Home Support: Non-Profit Societies
Better at Home Only a very small number of non-profits offer home support services. The biggest is the Better at Home program that helps seniors 65+ with simple day-to-day tasks so that they can continue to live independently in their own homes and remain connected to their communities. The BC Ministry of Health funds the program, United Way of the Lower Mainland manages it, and local non-profit organizations in 60 communities across BC provide a range of non-medical home support services. The services, which are income based so as to accommodate the needs of low-cost seniors, vary from community to community.
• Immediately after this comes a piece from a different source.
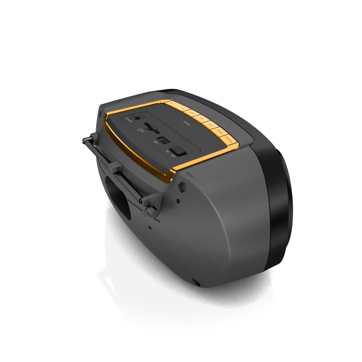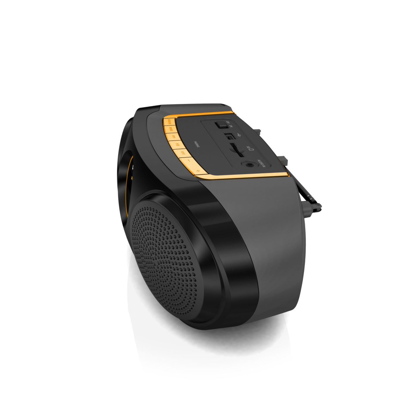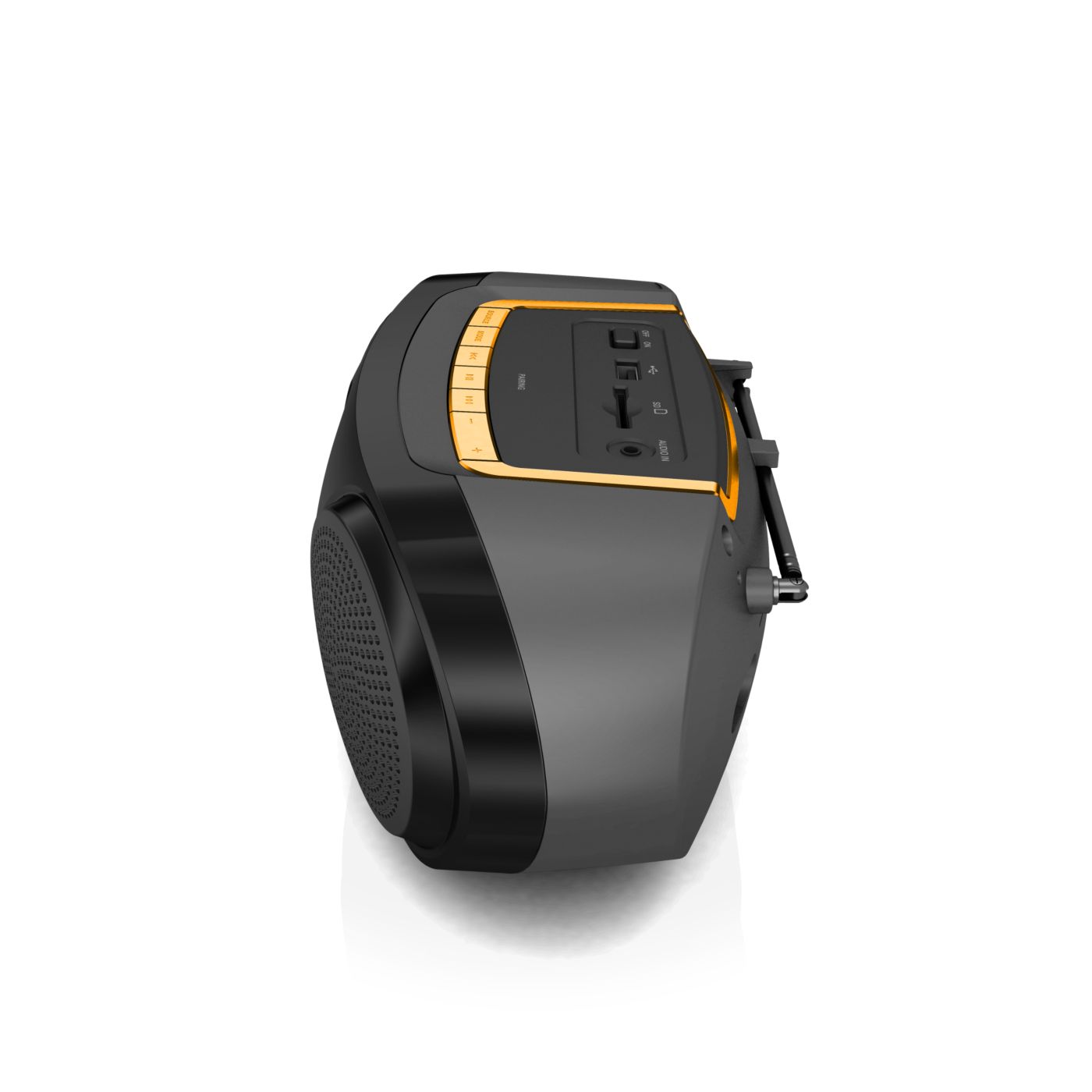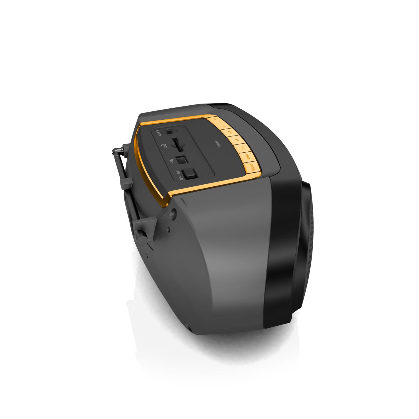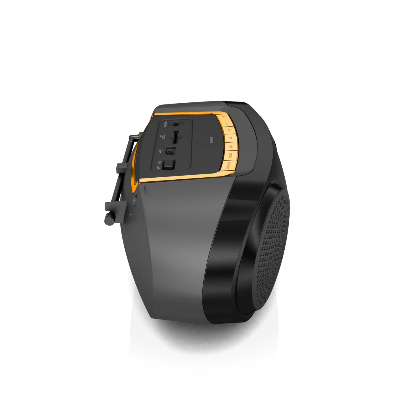 Produkt wizualnie jak i muzycznie super. Dźwięk i głośność wystarczająca. Wbudowany wyświetlacz, akumulator oraz antena. Sterowanie proste i intuicyjne. Brak rączki do przenoszenia.

They are designed to complement existing services and are based on the unique needs of local seniors. Examples include:
- Friendly visiting
- Transportation
- Light yard work
- Minor home repairs
- Light housekeeping
- Grocery shopping
- Snow shoveling
Seniors living in Better at Home communities can contact a local organization to find out more and to apply for services. The local service provider will help determine which services are most appropriate for an individual’s circumstances.
Home Support: Private, For-Profit Businesses
Private business agencies offer home support and home health care services on an hourly basis for companionship, home cleaning, meal preparation, accompaniment to places outside the home, personal care (bathing, dressing, grooming, toileting), assistance with medications, foot care, assistance with needs related to conditions such as dementia, MS, Parkinson’s, post-surgical help, nursing (wound dressings, IV therapy, ventilator care), palliative care and live-in companions. Hourly rates tend to begin at $25 per hour plus tax and rise with the level of care needed. Each agency has its own requirement for a minimum number of hours per visit. Some agencies provide all services, others only some. See HOME SUPPORT SERVICES in your Yellow Pages for a list of agencies.
Note: There are no regulating bodies for home support agencies in BC, so when hiring an agency, ask if the care staff are bonded, screened (criminal record check, past employment references checked), insured, trained, and supervised. If you or your care recipient will be transported by a staff person from a home support agency, ask if the agency runs their staff through ICBC driver record checks.